>>>
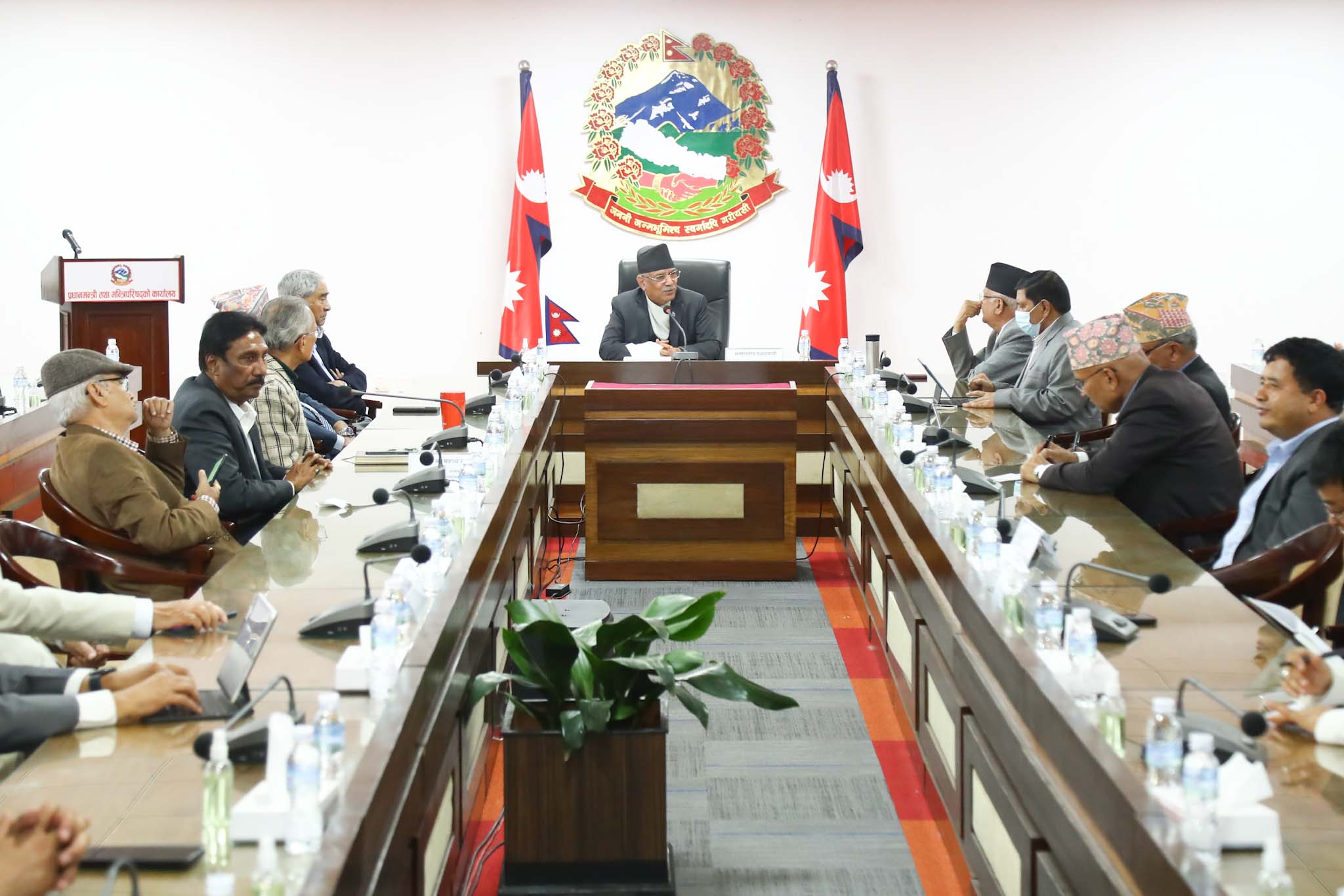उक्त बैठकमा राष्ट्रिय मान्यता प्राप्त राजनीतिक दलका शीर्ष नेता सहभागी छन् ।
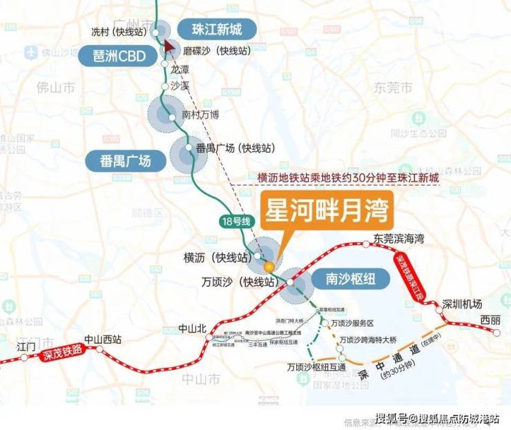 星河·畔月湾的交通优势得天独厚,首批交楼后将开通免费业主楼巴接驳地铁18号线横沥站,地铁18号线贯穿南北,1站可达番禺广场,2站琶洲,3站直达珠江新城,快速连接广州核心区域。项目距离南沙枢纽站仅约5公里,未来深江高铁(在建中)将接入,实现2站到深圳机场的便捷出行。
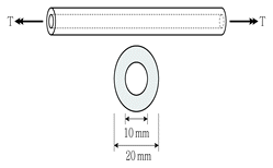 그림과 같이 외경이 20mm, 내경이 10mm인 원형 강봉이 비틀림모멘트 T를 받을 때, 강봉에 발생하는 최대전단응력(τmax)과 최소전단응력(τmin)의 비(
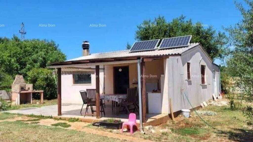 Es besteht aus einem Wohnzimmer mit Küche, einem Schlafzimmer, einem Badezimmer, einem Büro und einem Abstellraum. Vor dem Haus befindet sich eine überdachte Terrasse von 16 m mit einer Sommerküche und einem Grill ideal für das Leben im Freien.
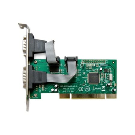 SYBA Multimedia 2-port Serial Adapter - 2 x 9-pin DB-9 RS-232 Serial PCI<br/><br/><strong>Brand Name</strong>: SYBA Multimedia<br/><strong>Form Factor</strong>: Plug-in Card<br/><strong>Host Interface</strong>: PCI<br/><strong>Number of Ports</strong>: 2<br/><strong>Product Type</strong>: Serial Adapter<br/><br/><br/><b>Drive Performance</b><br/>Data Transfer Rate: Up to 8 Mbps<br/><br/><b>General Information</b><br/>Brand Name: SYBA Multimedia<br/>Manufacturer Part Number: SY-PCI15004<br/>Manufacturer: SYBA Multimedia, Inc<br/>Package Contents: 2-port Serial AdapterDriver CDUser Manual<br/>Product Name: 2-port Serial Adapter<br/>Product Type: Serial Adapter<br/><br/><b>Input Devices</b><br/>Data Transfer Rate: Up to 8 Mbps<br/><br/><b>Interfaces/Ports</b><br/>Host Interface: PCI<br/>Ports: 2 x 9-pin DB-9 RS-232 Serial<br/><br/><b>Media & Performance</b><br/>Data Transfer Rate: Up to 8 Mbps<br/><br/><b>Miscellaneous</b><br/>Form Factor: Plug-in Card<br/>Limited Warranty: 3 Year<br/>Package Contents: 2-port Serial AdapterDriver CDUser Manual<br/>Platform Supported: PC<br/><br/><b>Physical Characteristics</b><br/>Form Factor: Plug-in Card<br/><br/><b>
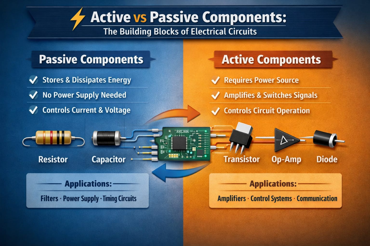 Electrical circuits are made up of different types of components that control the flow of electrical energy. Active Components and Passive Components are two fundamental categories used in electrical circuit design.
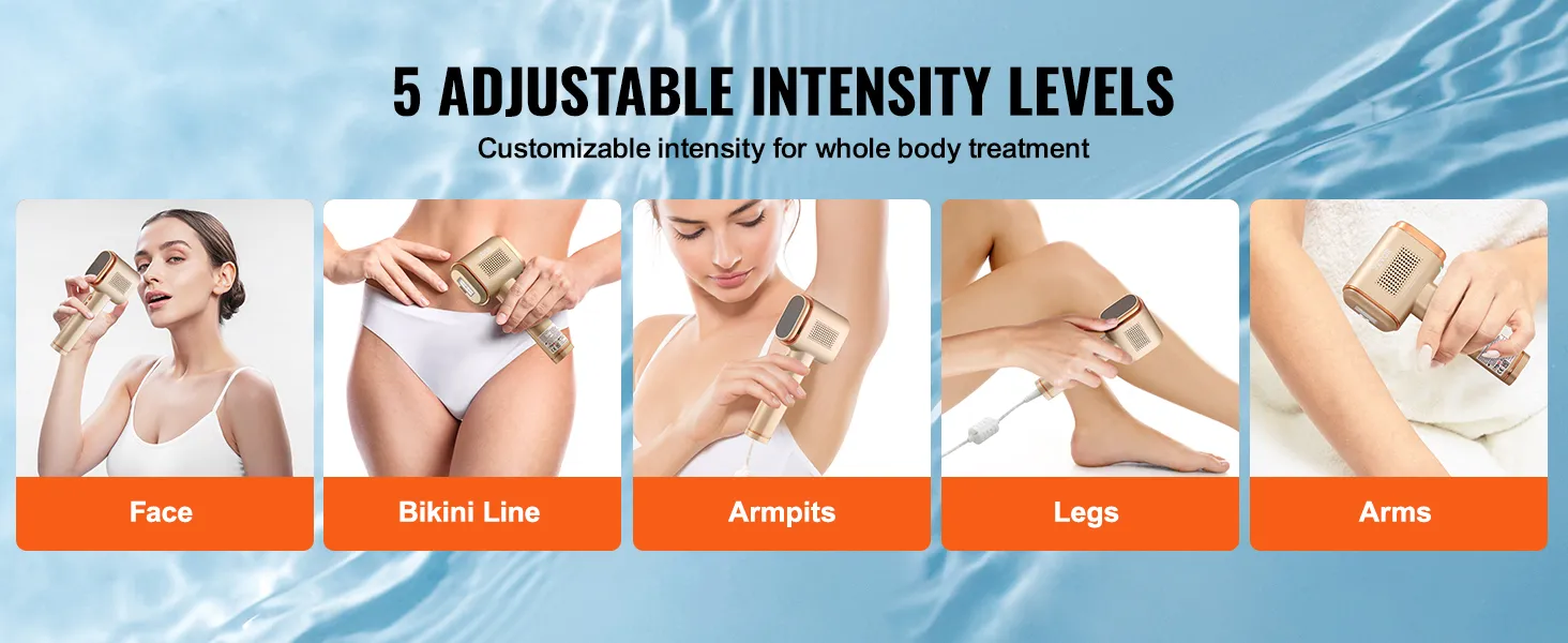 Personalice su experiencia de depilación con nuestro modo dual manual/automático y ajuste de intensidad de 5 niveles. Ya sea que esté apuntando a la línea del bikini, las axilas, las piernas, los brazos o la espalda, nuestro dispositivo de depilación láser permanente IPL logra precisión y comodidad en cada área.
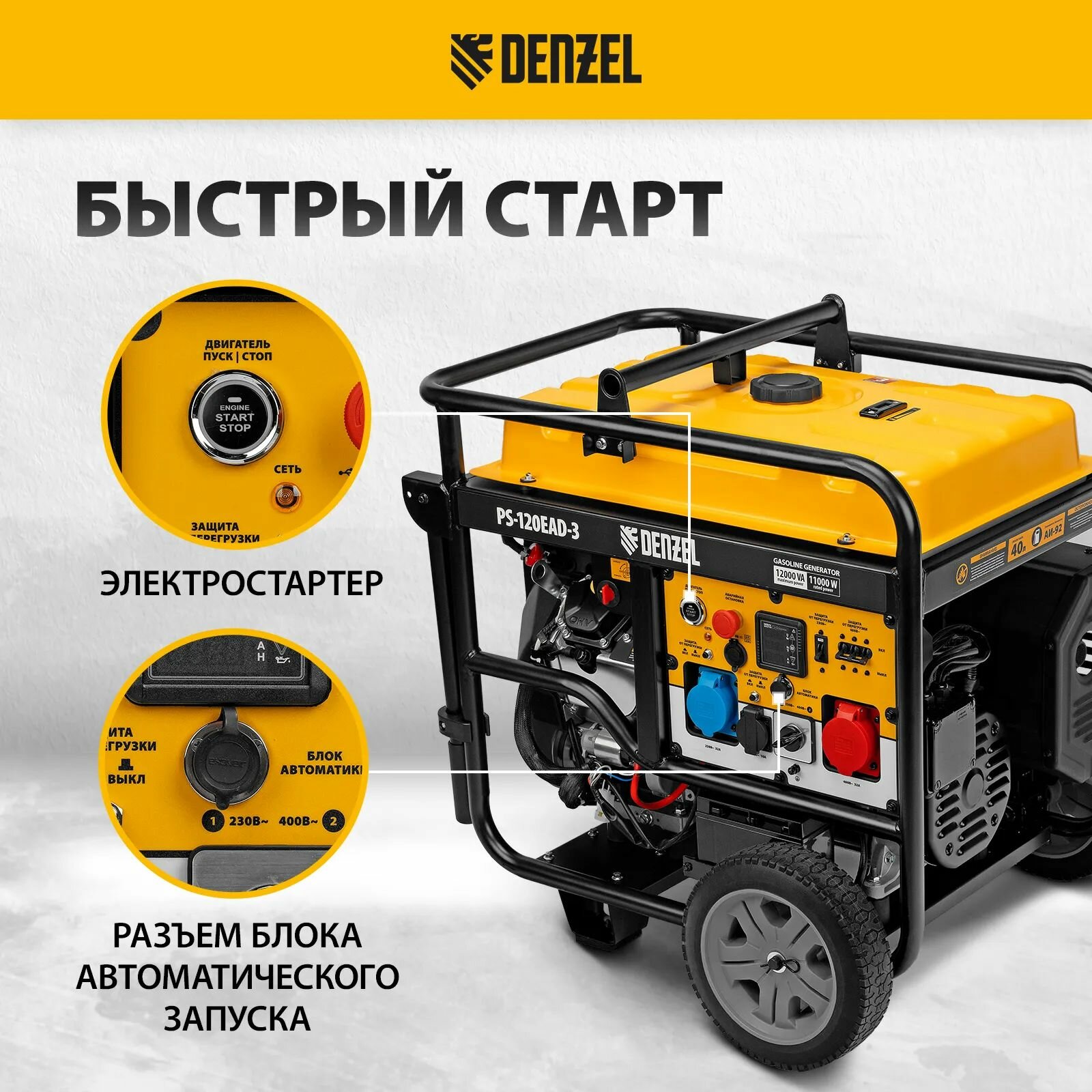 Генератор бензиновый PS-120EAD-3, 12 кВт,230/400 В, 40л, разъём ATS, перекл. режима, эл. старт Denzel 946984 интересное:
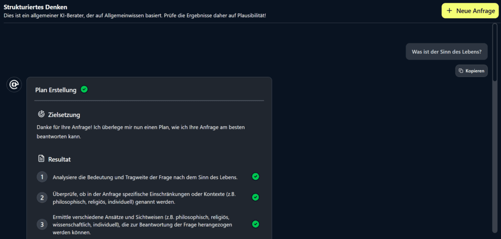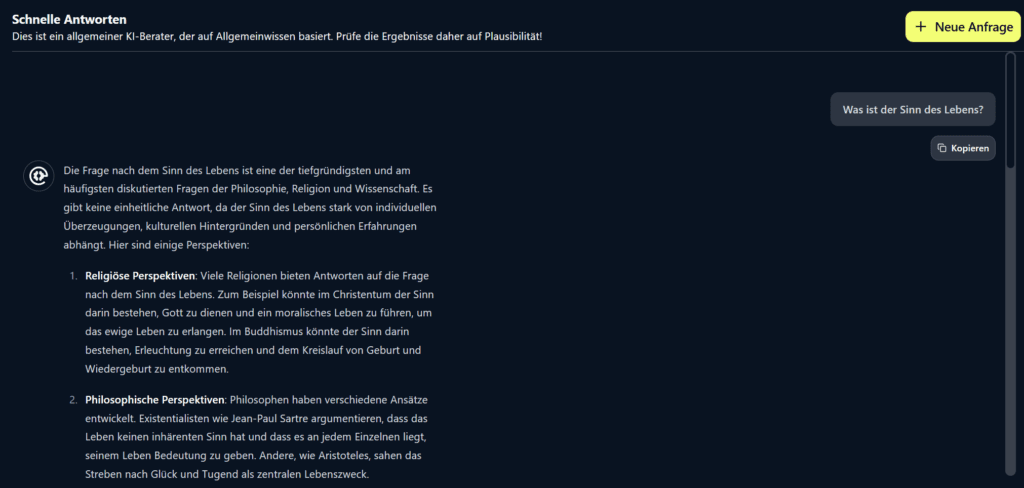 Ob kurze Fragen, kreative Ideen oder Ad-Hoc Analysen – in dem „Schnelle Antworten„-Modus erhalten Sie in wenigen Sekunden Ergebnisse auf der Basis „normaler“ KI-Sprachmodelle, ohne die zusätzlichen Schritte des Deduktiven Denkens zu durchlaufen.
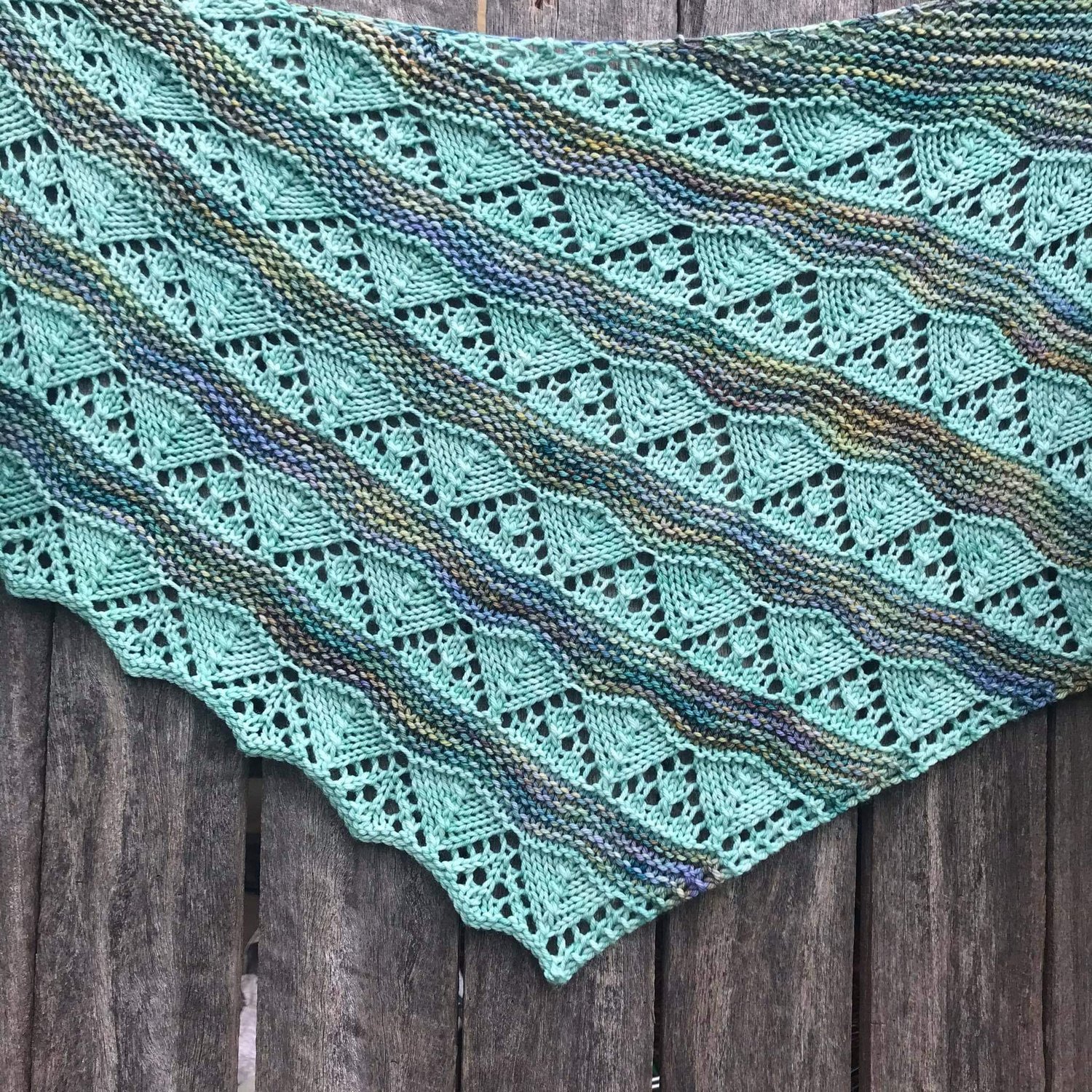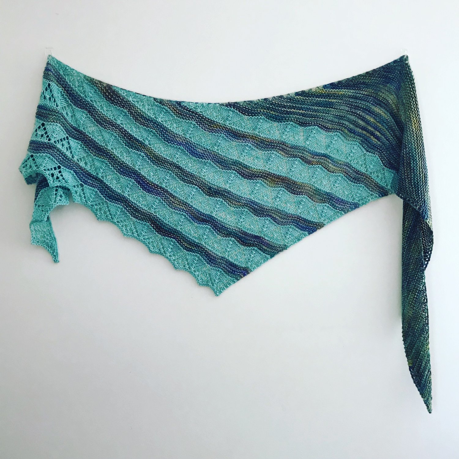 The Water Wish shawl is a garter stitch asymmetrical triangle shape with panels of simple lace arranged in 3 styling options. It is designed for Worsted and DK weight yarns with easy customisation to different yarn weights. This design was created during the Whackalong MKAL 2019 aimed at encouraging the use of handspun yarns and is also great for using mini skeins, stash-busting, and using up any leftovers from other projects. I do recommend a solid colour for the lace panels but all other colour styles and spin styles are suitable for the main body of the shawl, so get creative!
<<<
Starting at the first line of the listing above, write out each line exactly and nothing else until you reach the line containing "Es besteht aus", which is included as well; omit all pictures.

**Task answer:**
उक्त बैठकमा राष्ट्रिय मान्यता प्राप्त राजनीतिक दलका शीर्ष नेता सहभागी छन् ।
 星河·畔月湾的交通优势得天独厚,首批交楼后将开通免费业主楼巴接驳地铁18号线横沥站,地铁18号线贯穿南北,1站可达番禺广场,2站琶洲,3站直达珠江新城,快速连接广州核心区域。项目距离南沙枢纽站仅约5公里,未来深江高铁(在建中)将接入,实现2站到深圳机场的便捷出行。
 그림과 같이 외경이 20mm, 내경이 10mm인 원형 강봉이 비틀림모멘트 T를 받을 때, 강봉에 발생하는 최대전단응력(τmax)과 최소전단응력(τmin)의 비(
 Es besteht aus einem Wohnzimmer mit Küche, einem Schlafzimmer, einem Badezimmer, einem Büro und einem Abstellraum. Vor dem Haus befindet sich eine überdachte Terrasse von 16 m mit einer Sommerküche und einem Grill ideal für das Leben im Freien.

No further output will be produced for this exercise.